Well, no, I am realizing. It is not. We don't become addicted to the stuff we actually need to live, like whole grains and protein. Too bad! It is not very different from becoming addicted to gambling, or sex, or anything that produces a "high" in your brain. We actually aren't addicted to the food (or sex or gambling), we are addicted to our own brain chemicals that make us feel good. It is a pattern that we learn from childhood, for most of us. That is what tends to make it addictive: early on, we learned that certain foods make us feel good, comforted, loved. Our parents gave them to us to reward us, or we would eat them when we heard our parents fighting in the other room, or we observed other family members compulsively overeating and learned the behavior. Early on, eating certain things became associated with positive feelings, and they become our most powerful coping mechanism.
I know this isn't news to anyone reading this who has had WLS, or who has ever had a weight problem.
I am doing my own recovery work, unrelated (so I thought) to my eating, because I am married to a man with addictions. I'm learning that it was no mistake that I married an addict--wonderful person though he is. I was raised by parents who were at least food addicts, and I don't mean that in the sense of people who claim to be "addicted" to chocolate or Coach purses or Carmex. I realized when I first started goint to Al-Anon that the families people were describing were alcoholic families, and they were exactly like mine, except no one in my family drank or did drugs. They did, however, have an exceptionally unhealthy relationship with food, so much so that I believe they acted like any other addicts, and we all learned to respond to the addiction like any other codependent does. It sounds crazy if you haven't lived it. But I am certain that some of my readers have experienced the very same thing.

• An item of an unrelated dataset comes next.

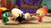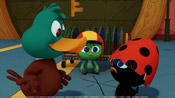 セシラとガレットーニの留守中、カリメロの家に宝物があると勘違いしたココス・ファミリーが泥棒に入った。女装したペッペが注文した花を取りに来たフリをして子守のジジさんの注意をひきつけその間にパッポとパッピが家じゅうを探した。そうこうするうちに秘密の近道を見つけてしまい、パッピがトロッコに乗って水車小屋に向かってしまう。

It has been through working my own recovery that I have realized how much I use food to cope with stress. STILL. Now that the blush of new WLS has worn off, 2 1/2 years after surgery, I don't have that "high" to keep me strictly adhering to my food plan. Like I described before, my days go pretty much according to plan, but I get home and I am "hungry" and foraging. Where I used to be able to listen to my stomach and stop if I wasn't physically hungry, now I am finding that to be much harder. I can actually notice now that eating sugar calms my anxiety and stress, something I didn't used to really be aware of. It is scary to observe this happening, and feel powerless to stop it.
I am undecided on how I want to try to get a handle on this. I feel pretty sure that I am not going to get to my goal weight (or really lose any more weight at all) if I don't get some better way to handle life than overeating. If it weren't for my band, I would be eating much more than I do now, and would have regained more than the 5 pounds I do have. I know the usual strategies, like exercising more, drinking tea, journaling, seeing a counselor etc. But I feel like this problem is much more core to who I am as a person than these simple behavior changes. I feel like something much deeper has to change if I am going to have a lasting way of maintaining my weight. It may involve going to OA meetings, although frankly OA scares me, with their Gray Sheets and eating soberly. And I don't know what their relationship with bariatric patients is like: are they accepting? Surely there must be many WLSers in OA meetings. I will probably just start by talking to our counselor about this and getting an idea from there on how I want to deal with this problem in a real and lasting way.
How have you all dealt with these kinds of issues? Any suggestions?